CsWRKY17 enhances Al accumulation by promoting pectin deesterification in tea plant
文献类型: 外文期刊
第一作者: Huang, Danjuan
作者: Huang, Danjuan;Chen, Xun;Wang, Hongjuan;Tan, Rongrong;Jiao, Long;Mao, Yingxin;Huang, Danjuan;Ma, Jianqiang;Chen, Jiedan;Chen, Liang;Chen, Liang
作者机构:
期刊名称:HORTICULTURE RESEARCH ( 影响因子:8.5; 五年影响因子:9.1 )
ISSN: 2662-6810
年卷期: 2025 年 12 卷 7 期
页码:
收录情况: SCI
摘要: The tea plant (Camellia sinensis) is a typical crop that accumulates aluminum (Al). Although the physiological mechanisms by which this occurs are well understood, their molecular mechanisms remain elusive.
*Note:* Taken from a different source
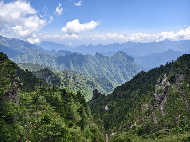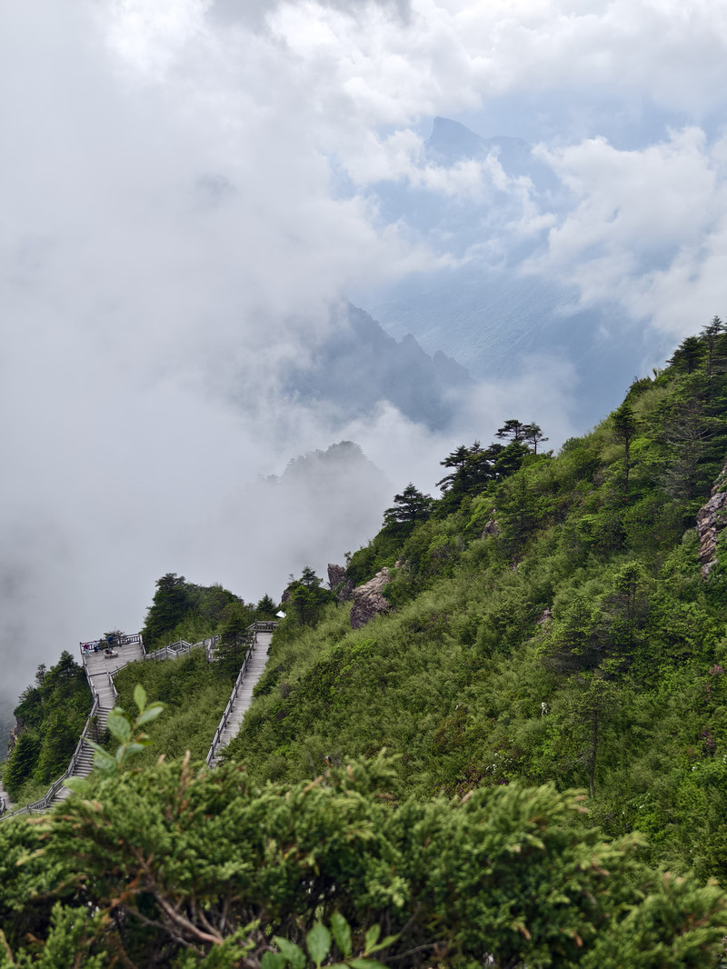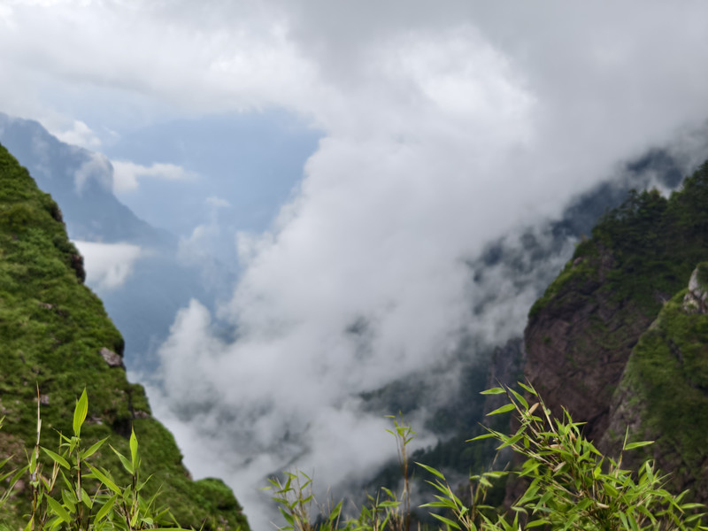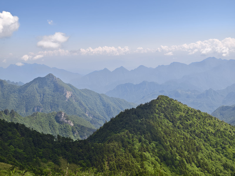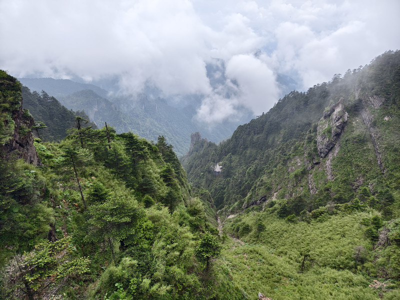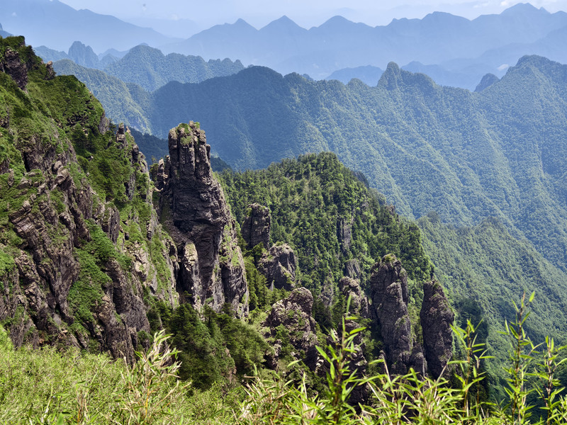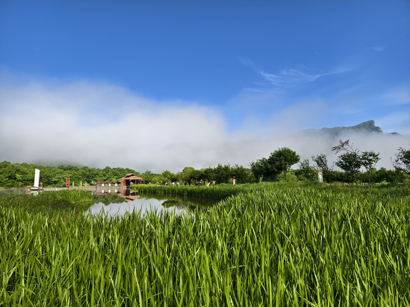 从神农谷到神农顶的途中可见高山草甸、冷杉林、箭竹林等植被,秋季层林尽染,云雾缭绕时如置身仙境。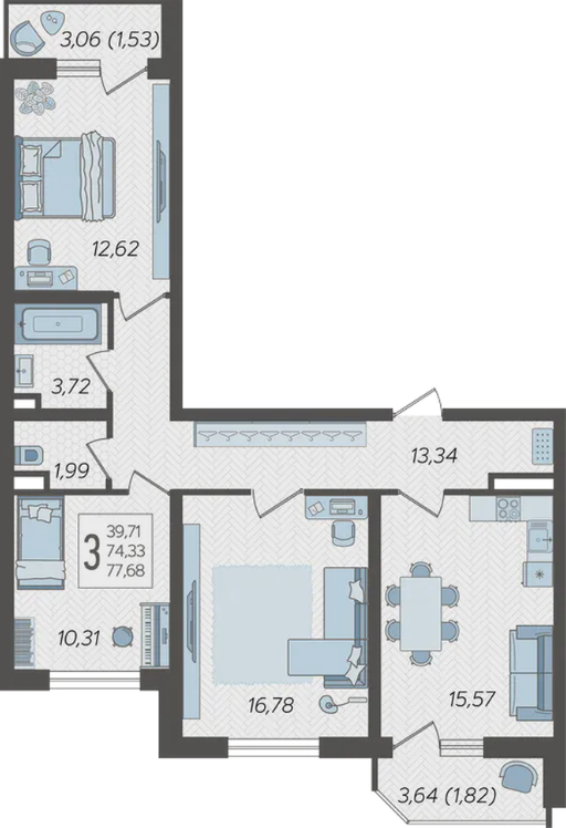 Продается 3-х комн. новостройка, 77.68 кв.м., 11/23 эт

Here, an integrative approach combining quantitative trait locus (QTL) mapping of controlled hybridized populations and comparative transcriptomic analysis using samples treated with different Al concentrations was applied to identify candidate genes associated with Al accumulation in tea plants. Consequently, 41 candidate genes were selected using genome functional annotation of the qAl09 locus in the region of 35 256 594-57 378 817 bp on chromosome 7. Finally, a key gene, CsWRKY17, was identified as encoding a nucleus-localized transcription factor involved in regulating Al accumulation in tea plants, given the finding of a high correlation between its expression level and Al content in leaves. Overexpression of CsWRKY17 in Arabidopsis increased pectin deesterification, sensitivity to Al stress, and Al accumulation in leaves. Expression of the pectin methylesterase gene CsPME6 was found to be highly consistent with CsWRKY17 expression under various Al concentrations. In addition, experiments using a yeast monoclonal, electrophoresis mobility shift assay and dual-luciferase reporter (DLR) system confirmed that CsWRKY17 activated CsPME6 promoter activity. Antisense oligodeoxynucleotide silencing revealed a positive association between CsPME6 expression and Al accumulation in tea shoots. In conclusion, this study suggests that CsWRKY17 promoted the process of pectin deesterification by binding to the CsPME6 promoter, thereby enhancing Al enrichment in tea plants. Our findings lay the foundation for studying the precise mechanisms through which Al enriched in tea leaves.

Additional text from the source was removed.